Rate limiter for LLM
Project description
LLMRateLimiter
Client-side rate limiting for LLM API calls using Redis-backed FIFO queues.
- Documentation: https://Ameyanagi.github.io/LLMRateLimiter/
- Repository: https://github.com/Ameyanagi/LLMRateLimiter/
Features
- FIFO Queue-Based: Fair ordering prevents thundering herd problems
- Distributed: Redis-backed for multi-process/multi-server deployments
- Flexible Limits: Supports combined TPM, split input/output TPM, or both
- Automatic Retry: Exponential backoff with jitter for Redis connection issues
- Graceful Degradation: Allows requests through on Redis failure
How It Works
flowchart LR
subgraph Client["Your Application"]
App[LLM App]
end
subgraph RL["LLMRateLimiter"]
Limiter[RateLimiter]
end
subgraph Redis["Redis"]
Queue[(FIFO Queue<br/>Sorted Set)]
end
subgraph LLM["LLM Provider"]
API[API]
end
App -->|1. acquire| Limiter
Limiter -->|2. Check limits| Queue
Queue -->|3. Wait time| Limiter
Limiter -->|4. Return| App
App -->|5. Call API| API
The rate limiter uses Redis sorted sets to maintain a FIFO queue of requests. Each request records its token consumption, and the Lua script atomically calculates when capacity will be available based on the sliding window.
Installation
pip install llmratelimiter
Or with uv:
uv add llmratelimiter
Quick Start
Basic Usage
from llmratelimiter import RateLimiter
# Just pass a Redis URL and your limits
limiter = RateLimiter("redis://localhost:6379", "gpt-4", tpm=100_000, rpm=100)
# Recommended: specify input and output tokens separately
await limiter.acquire(input_tokens=3000, output_tokens=2000)
response = await openai.chat.completions.create(...)
Split Mode (GCP Vertex AI)
For providers with separate input/output token limits:
limiter = RateLimiter(
"redis://localhost:6379", "gemini-1.5-pro",
input_tpm=4_000_000, output_tpm=128_000, rpm=360
)
# Estimate output tokens upfront
result = await limiter.acquire(input_tokens=5000, output_tokens=2048)
response = await vertex_ai.generate(...)
# Adjust after getting actual output
await limiter.adjust(result.record_id, actual_output=response.output_tokens)
AWS Bedrock (Burndown Rate)
AWS Bedrock uses a burndown rate where output tokens count 5x toward TPM:
limiter = RateLimiter(
"redis://localhost:6379", "claude-sonnet",
tpm=100_000, rpm=100, burndown_rate=5.0
)
await limiter.acquire(input_tokens=3000, output_tokens=1000)
# TPM consumption: 3000 + (5.0 * 1000) = 8000 tokens
With Existing Redis Client
from redis.asyncio import Redis
from llmratelimiter import RateLimiter
redis = Redis(host="localhost", port=6379)
limiter = RateLimiter(redis=redis, model="gpt-4", tpm=100_000, rpm=100)
await limiter.acquire(input_tokens=3000, output_tokens=2000)

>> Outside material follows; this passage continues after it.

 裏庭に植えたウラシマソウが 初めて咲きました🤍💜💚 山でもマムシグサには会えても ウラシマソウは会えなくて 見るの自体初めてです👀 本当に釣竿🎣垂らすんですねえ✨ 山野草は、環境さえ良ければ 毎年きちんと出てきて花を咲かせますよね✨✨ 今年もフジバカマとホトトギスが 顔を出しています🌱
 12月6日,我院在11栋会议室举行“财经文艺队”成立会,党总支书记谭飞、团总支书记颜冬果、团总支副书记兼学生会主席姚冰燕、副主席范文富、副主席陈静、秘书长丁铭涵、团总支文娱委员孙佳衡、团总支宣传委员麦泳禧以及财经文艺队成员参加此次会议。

With Connection Manager (Production)
For production use with automatic retry and connection pooling:
from llmratelimiter import RateLimiter, RedisConnectionManager, RetryConfig
manager = RedisConnectionManager(
"redis://localhost:6379",
retry_config=RetryConfig(max_retries=3, base_delay=0.1),
)
limiter = RateLimiter(manager, "gpt-4", tpm=100_000, rpm=100)

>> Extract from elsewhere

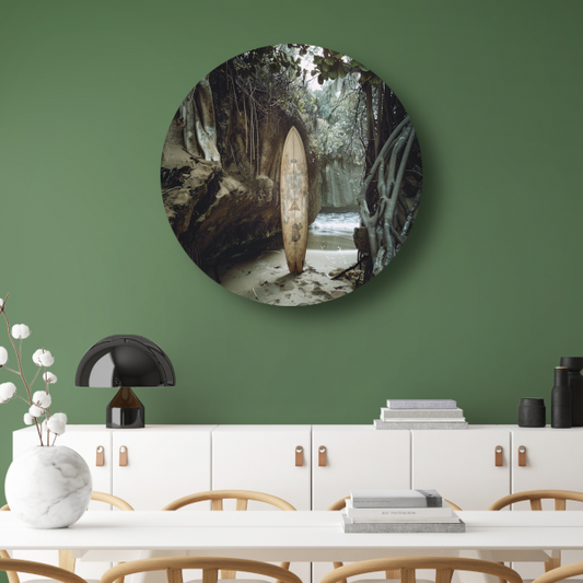 Surfplank met boslandschap aluminium muurcirkel

await limiter.acquire(input_tokens=3000, output_tokens=2000)
SSL Connection
Use rediss:// for SSL/TLS connections:
limiter = RateLimiter("rediss://localhost:6379", "gpt-4", tpm=100_000, rpm=100)
Configuration Options
RateLimitConfig
| Parameter | Description |
|---|---|
tpm |
Combined tokens-per-minute limit |
input_tpm |
Input tokens-per-minute limit |
output_tpm |
Output tokens-per-minute limit |
rpm |
Requests-per-minute limit |
window_seconds |
Sliding window size (default: 60) |
burst_multiplier |
Allow burst above limits (default: 1.0) |
burndown_rate |
Output token multiplier for combined TPM (default: 1.0, AWS Bedrock: 5.0) |
RetryConfig
| Parameter | Description |
|---|---|
max_retries |
Maximum retry attempts (default: 3) |
base_delay |
Initial delay in seconds (default: 0.1) |
max_delay |
Maximum delay cap (default: 5.0) |
exponential_base |
Backoff multiplier (default: 2.0) |
jitter |
Random variation 0-1 (default: 0.1) |
License
MIT License - see LICENSE for details.
Project details
Download files
Download the file for your platform. If you're not sure which to choose, learn more about installing packages.
Source Distribution
Built Distribution
Filter files by name, interpreter, ABI, and platform.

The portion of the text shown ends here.